Simpson’s Paradox: How to Prove Opposite Arguments with the Same Data
Understanding a statistical phenomenon and the importance of asking why
Imagine you and your partner are trying to find the perfect restaurant for a pleasant dinner. Knowing this process can lead to hours of arguments, you seek out the oracle of modern life: online reviews. Doing so, you find your choice, Carlo’s Restaurant is recommended by a higher percentage of both men and women than your partner’s selection, Sophia’s Restaurant. However, just as you are about to declare victory, your partner, using the same data, triumphantly states that since Sophia’s is recommended by a higher percentage of all users, it is the clear winner.

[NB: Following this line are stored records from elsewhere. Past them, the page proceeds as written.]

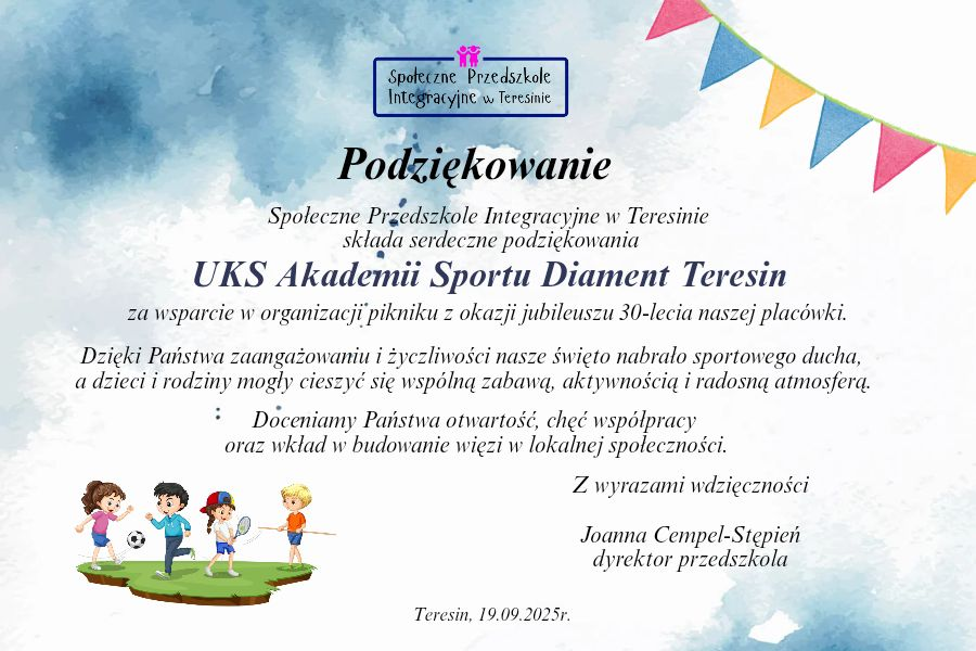 Podziękowanie UKS Akademii Sportu Diament Teresin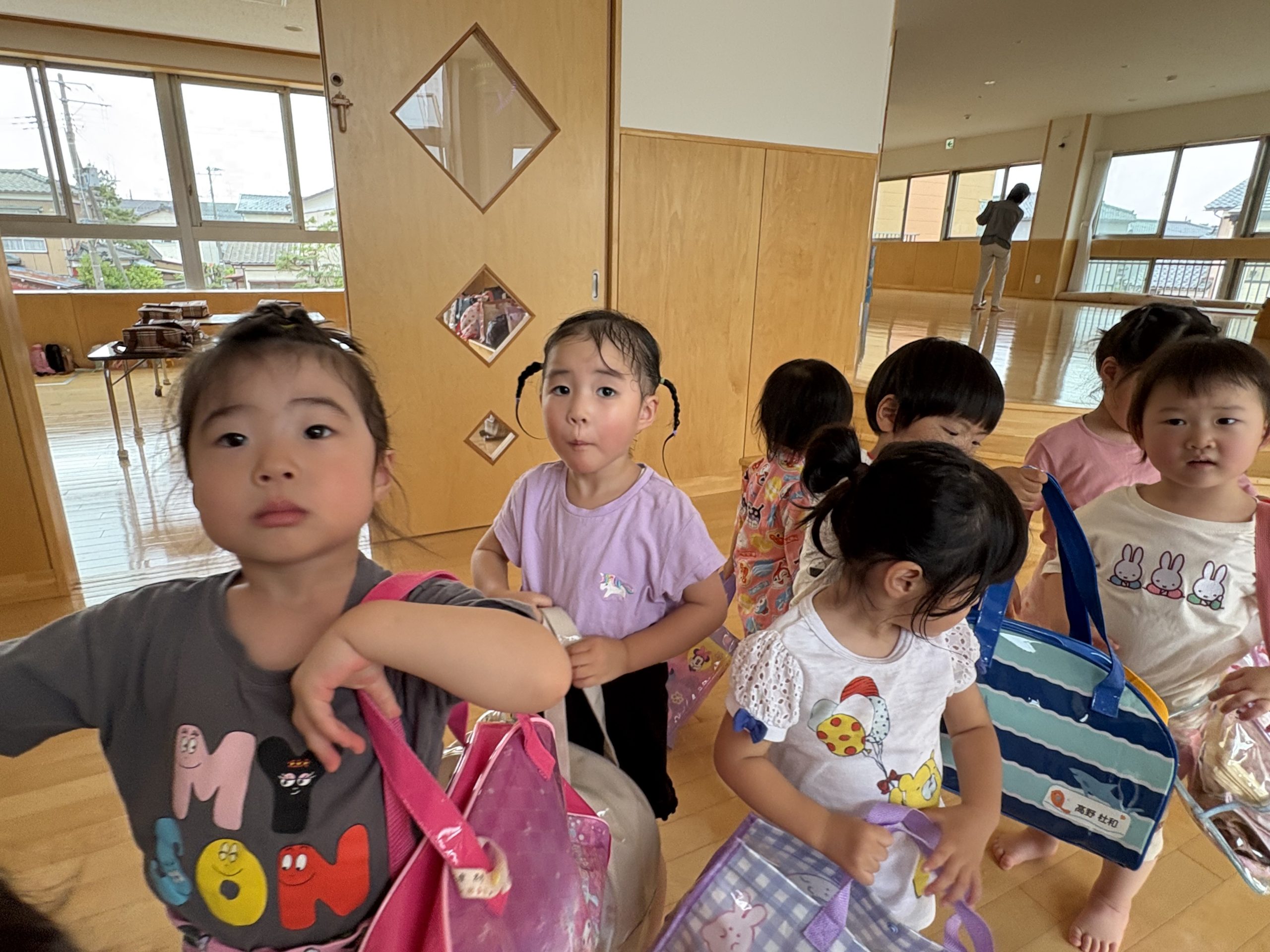2歳児 つくし組のお友達もお気に入りのプールバックを嬉しそうに持って、水遊びを楽しんでいます。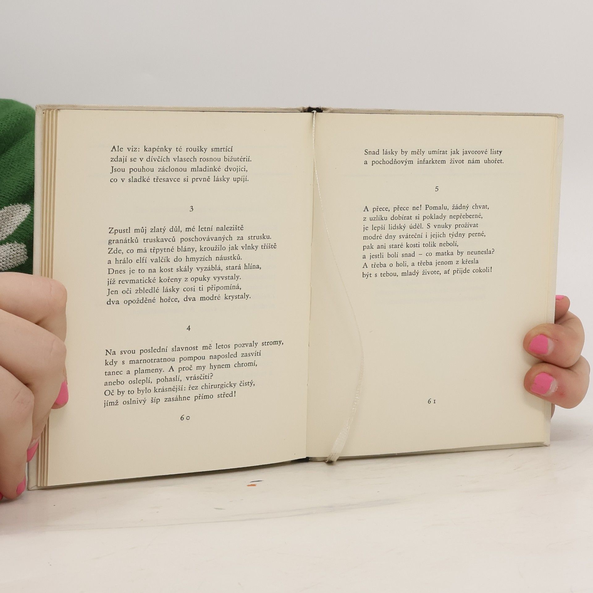 Verše z let 1957–1962. V nové sbírce se s pestrým motivickým repertoárem pojí jak pozoruhodná mnohotvárnost její noty, tak i nezřídka svěží obraznost, nadaná bohatstvím představ sytou smyslovou názorností. Sbírka převážně lyrických básní, ať už událostem, dojmům a zážitkům, které rozechvěly básnířčino nitro, nastavují zrcátka podobenství, či je jen prostě tlumočí.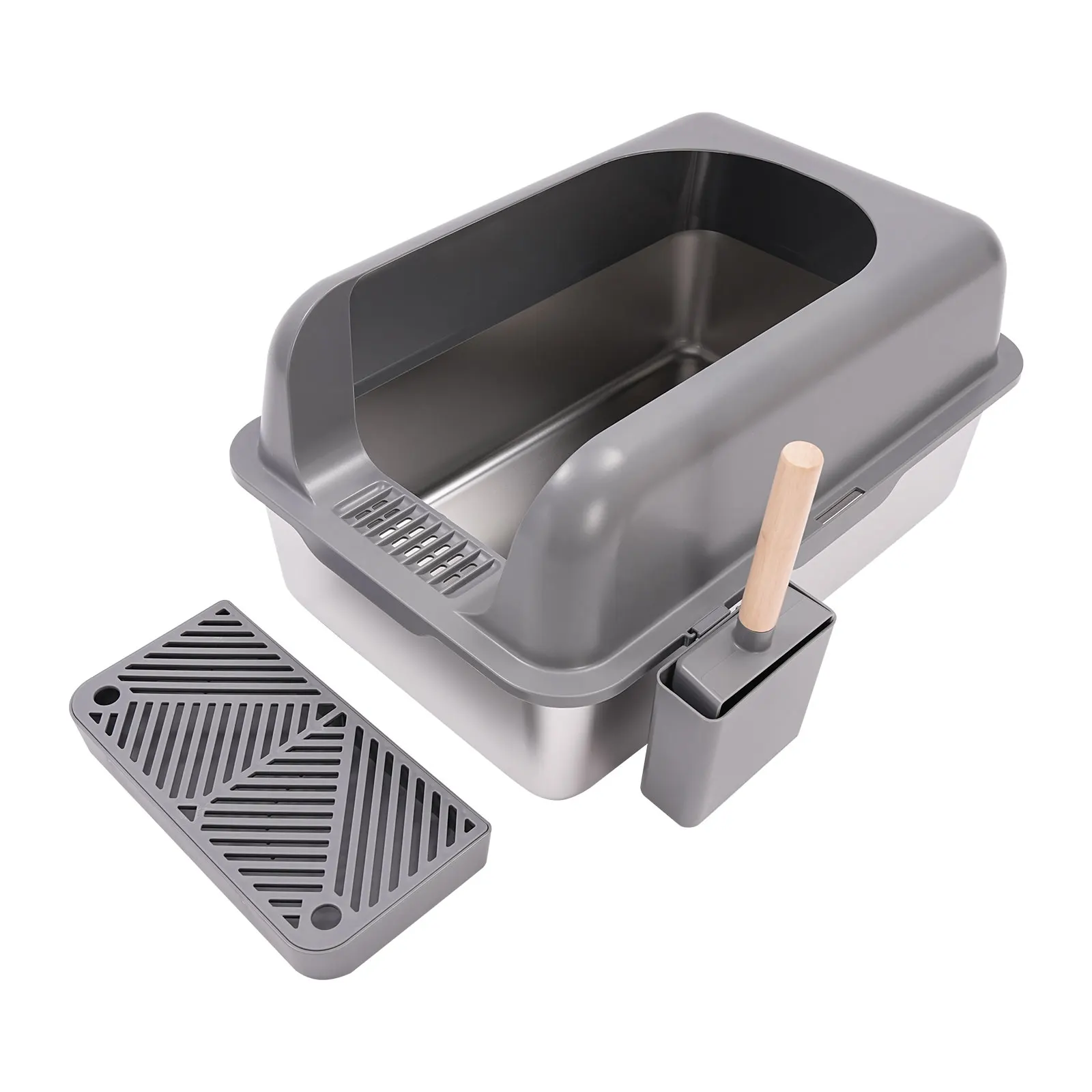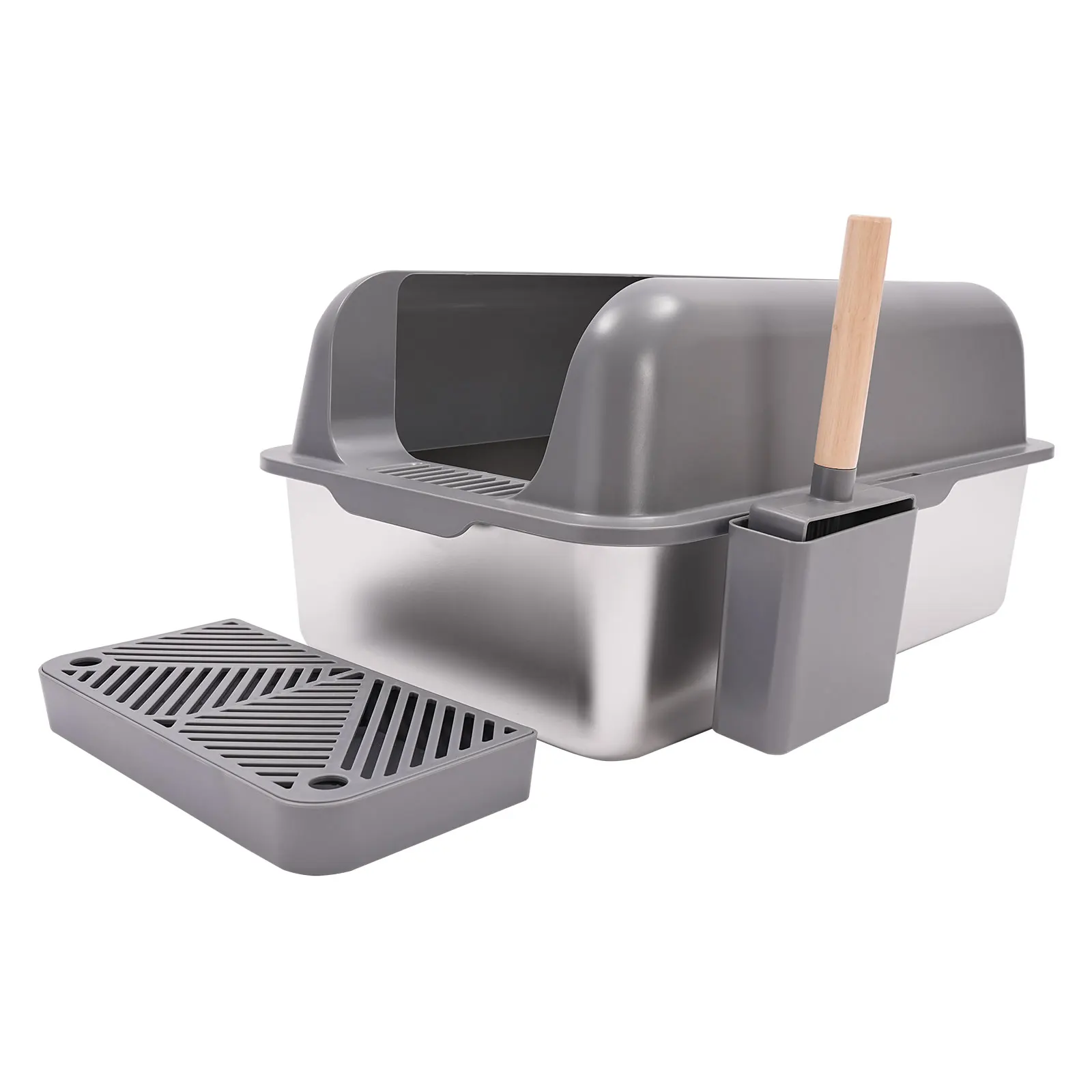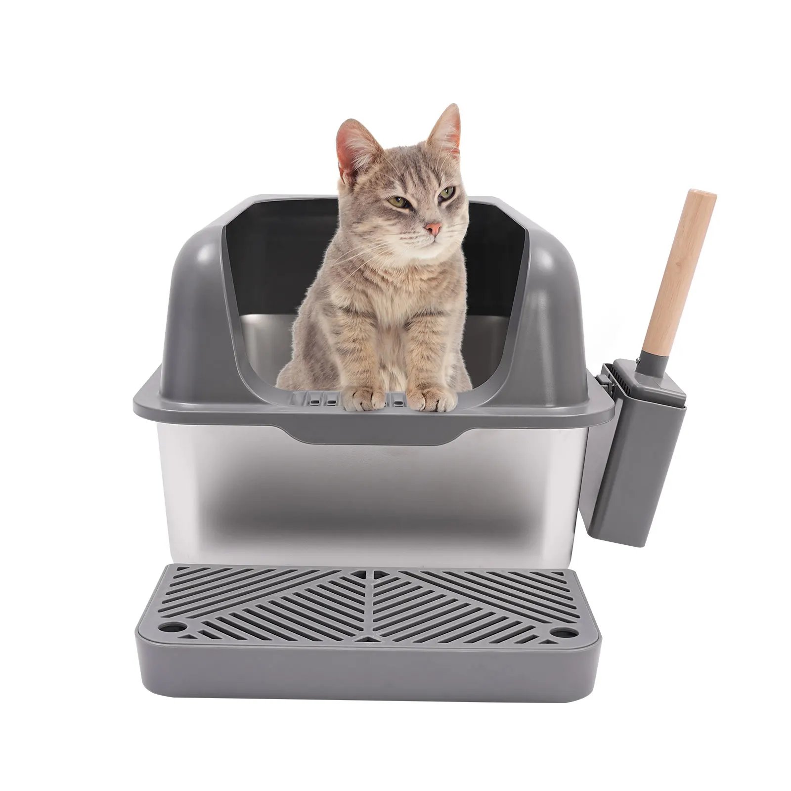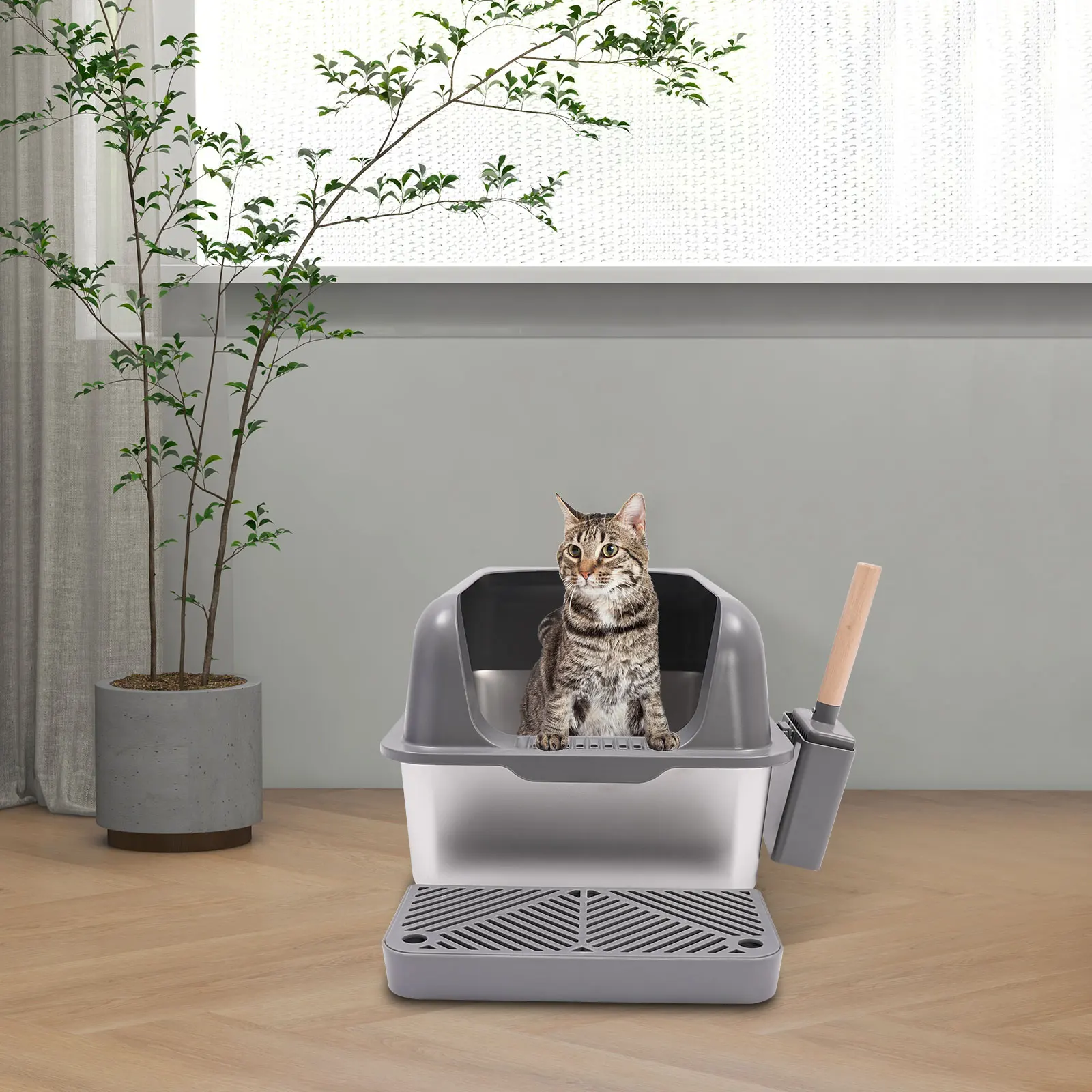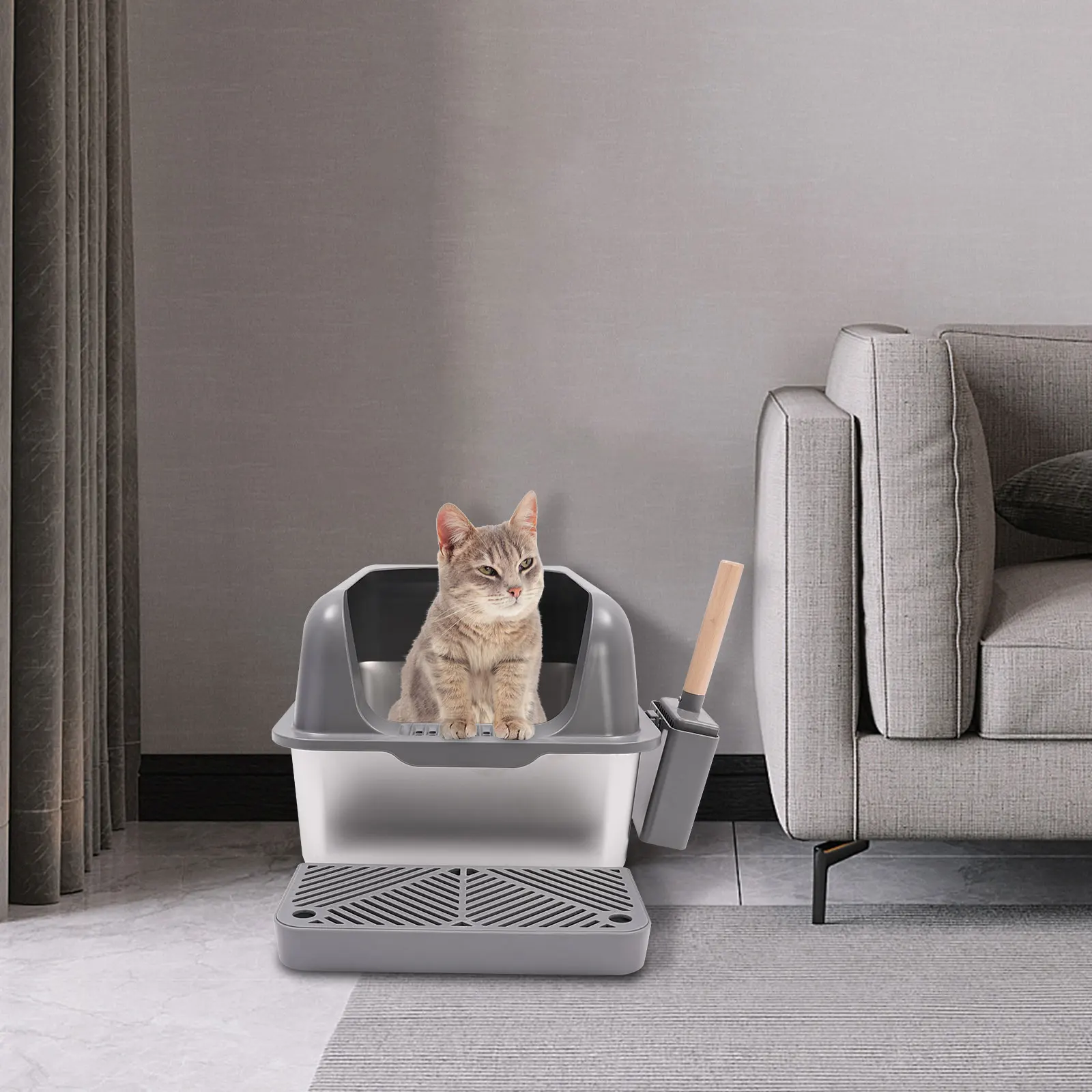 Stainless Steel Cat Litter Box with Protective Shovel Placed in Living Room, Hallway, Bedroom, Pet Store

What is going on? Who’s lying here? Has the review site got the calculations wrong? In fact, both you and your partner are right and you have unknowingly entered the world of Simpson’s Paradox, where a restaurant can be both better and worse than its competitor, exercise can lower and increase the risk of disease, and the same dataset can be used to prove two opposing arguments. Instead of going out to dinner, perhaps you and your partner should spend the evening discussing this fascinating statistical phenomenon.
Simpson’s Paradox occurs when trends that appear when a dataset is separated into groups reverse when the data are aggregated. In the restaurant recommendation example, it really is possible for Carlo’s to be recommended by a higher percentage of both men and women than Sophia’s but to be recommended by a lower percentage of all reviewers. Before you declare this to be lunacy, here is the table to prove it. ... "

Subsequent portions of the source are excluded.